**WORK ORDER**
Begin at the line containing "Preprinted Wells, Fargo" in the data below and go on through the line containing "Embrace the beauty", repeating each line exactly; include both ends and no other line.

◆ ◆ ◆ ◆

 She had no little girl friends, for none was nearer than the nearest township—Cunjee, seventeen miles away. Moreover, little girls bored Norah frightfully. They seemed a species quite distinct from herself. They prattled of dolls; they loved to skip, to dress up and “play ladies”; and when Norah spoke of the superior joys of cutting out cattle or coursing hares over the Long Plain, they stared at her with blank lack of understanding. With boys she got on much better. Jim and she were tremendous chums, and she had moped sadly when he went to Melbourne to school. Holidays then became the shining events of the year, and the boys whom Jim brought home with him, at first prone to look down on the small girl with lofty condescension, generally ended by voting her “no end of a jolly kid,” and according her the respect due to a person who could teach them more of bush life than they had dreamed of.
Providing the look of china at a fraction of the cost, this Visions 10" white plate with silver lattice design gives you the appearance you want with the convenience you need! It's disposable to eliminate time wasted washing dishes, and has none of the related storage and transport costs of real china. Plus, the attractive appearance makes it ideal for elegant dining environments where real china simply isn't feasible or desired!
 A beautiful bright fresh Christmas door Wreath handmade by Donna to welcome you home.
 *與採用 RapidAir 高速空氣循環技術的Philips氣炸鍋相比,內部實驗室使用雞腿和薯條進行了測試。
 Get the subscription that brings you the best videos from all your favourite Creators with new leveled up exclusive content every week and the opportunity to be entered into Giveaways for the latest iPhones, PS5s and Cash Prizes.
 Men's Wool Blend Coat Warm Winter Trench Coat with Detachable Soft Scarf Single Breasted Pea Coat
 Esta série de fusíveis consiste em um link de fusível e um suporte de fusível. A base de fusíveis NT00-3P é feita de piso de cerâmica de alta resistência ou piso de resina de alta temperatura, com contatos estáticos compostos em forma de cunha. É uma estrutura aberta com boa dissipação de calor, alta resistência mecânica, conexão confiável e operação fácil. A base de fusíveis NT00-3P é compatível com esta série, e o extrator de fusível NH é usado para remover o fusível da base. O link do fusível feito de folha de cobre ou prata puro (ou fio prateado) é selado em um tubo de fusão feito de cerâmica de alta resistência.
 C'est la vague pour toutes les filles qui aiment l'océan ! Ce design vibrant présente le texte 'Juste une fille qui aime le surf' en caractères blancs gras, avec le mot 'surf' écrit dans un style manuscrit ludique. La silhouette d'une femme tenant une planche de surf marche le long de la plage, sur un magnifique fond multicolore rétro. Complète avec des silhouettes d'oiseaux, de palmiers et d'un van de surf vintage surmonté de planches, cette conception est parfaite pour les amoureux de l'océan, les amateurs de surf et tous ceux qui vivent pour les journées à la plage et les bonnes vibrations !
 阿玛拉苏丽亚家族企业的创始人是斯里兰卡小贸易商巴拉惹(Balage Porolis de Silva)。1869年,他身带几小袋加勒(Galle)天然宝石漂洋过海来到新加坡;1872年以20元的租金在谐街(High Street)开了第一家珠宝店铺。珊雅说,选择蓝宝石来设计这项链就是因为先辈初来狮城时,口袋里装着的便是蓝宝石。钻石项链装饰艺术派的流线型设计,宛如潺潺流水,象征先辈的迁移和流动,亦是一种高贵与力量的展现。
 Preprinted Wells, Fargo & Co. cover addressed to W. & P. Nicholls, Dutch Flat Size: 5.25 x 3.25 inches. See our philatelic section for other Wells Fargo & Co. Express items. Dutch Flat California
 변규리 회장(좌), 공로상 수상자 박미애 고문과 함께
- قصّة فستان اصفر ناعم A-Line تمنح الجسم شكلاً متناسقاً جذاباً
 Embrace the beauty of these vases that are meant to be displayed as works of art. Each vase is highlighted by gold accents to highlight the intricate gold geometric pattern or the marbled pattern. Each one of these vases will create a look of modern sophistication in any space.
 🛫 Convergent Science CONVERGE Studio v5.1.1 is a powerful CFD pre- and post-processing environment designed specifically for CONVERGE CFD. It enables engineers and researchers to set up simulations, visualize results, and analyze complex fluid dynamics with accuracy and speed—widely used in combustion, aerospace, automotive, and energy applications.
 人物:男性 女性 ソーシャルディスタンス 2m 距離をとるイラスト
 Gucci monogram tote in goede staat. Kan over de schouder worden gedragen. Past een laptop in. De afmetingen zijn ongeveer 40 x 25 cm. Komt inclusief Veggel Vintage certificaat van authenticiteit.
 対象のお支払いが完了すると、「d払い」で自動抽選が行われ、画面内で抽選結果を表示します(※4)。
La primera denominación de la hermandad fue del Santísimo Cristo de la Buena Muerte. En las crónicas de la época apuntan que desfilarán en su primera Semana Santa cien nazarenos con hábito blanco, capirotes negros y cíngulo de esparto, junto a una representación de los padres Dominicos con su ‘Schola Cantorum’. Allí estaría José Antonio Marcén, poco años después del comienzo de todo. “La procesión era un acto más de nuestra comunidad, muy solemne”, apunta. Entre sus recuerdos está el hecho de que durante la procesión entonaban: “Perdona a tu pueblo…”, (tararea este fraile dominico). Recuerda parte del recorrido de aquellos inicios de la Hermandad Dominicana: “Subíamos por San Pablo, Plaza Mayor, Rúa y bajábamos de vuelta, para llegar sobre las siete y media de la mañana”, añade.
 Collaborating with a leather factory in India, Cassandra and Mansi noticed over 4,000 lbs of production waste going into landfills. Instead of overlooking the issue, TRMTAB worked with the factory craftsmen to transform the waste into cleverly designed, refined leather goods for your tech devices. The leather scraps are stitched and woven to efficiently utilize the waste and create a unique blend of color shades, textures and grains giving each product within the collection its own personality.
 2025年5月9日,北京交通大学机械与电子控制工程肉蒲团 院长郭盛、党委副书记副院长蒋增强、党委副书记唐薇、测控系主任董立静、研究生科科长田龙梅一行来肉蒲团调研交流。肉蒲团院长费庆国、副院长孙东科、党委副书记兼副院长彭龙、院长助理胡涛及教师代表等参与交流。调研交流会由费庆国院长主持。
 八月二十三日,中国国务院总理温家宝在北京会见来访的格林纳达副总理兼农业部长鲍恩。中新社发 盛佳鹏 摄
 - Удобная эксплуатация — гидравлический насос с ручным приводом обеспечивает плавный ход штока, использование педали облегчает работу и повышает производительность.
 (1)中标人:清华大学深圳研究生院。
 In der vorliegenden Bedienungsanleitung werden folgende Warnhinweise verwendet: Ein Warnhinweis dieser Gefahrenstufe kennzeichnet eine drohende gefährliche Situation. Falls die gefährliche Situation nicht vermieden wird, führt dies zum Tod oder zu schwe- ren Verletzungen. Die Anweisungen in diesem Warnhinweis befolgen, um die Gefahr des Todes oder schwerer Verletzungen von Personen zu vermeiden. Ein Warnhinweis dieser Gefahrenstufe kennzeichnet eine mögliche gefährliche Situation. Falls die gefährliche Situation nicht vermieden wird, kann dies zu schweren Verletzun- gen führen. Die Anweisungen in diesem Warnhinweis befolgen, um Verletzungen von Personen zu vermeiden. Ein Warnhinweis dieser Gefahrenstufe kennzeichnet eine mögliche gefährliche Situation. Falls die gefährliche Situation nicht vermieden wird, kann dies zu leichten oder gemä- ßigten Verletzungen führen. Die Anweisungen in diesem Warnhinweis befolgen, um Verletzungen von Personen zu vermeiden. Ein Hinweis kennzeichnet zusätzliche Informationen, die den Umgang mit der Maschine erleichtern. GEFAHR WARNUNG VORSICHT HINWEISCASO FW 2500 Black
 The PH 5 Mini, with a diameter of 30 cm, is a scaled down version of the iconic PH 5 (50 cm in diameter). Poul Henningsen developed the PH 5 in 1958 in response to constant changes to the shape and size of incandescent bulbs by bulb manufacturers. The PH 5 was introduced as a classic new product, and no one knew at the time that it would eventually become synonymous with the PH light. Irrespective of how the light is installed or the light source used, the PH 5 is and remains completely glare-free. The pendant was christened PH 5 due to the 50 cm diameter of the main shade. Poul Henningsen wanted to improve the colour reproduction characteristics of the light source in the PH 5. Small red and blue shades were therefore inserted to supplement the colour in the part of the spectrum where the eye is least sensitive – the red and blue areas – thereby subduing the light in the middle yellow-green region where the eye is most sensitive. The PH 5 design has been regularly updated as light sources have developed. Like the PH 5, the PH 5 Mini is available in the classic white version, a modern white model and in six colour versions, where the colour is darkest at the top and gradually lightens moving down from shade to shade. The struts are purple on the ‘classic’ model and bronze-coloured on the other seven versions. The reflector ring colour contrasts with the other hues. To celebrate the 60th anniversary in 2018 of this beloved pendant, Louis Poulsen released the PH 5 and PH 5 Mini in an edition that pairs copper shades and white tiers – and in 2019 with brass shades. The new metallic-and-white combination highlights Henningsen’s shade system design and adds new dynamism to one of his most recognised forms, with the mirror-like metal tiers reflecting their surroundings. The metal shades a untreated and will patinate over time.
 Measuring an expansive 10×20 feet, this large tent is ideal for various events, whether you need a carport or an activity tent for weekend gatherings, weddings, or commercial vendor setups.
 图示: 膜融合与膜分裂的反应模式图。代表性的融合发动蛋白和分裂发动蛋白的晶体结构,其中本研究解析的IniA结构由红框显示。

◆ ◆ ◆ ◆

**YOUR SOLUTION**
 Preprinted Wells, Fargo & Co. cover addressed to W. & P. Nicholls, Dutch Flat Size: 5.25 x 3.25 inches. See our philatelic section for other Wells Fargo & Co. Express items. Dutch Flat California
 변규리 회장(좌), 공로상 수상자 박미애 고문과 함께
- قصّة فستان اصفر ناعم A-Line تمنح الجسم شكلاً متناسقاً جذاباً
 Embrace the beauty of these vases that are meant to be displayed as works of art. Each vase is highlighted by gold accents to highlight the intricate gold geometric pattern or the marbled pattern. Each one of these vases will create a look of modern sophistication in any space.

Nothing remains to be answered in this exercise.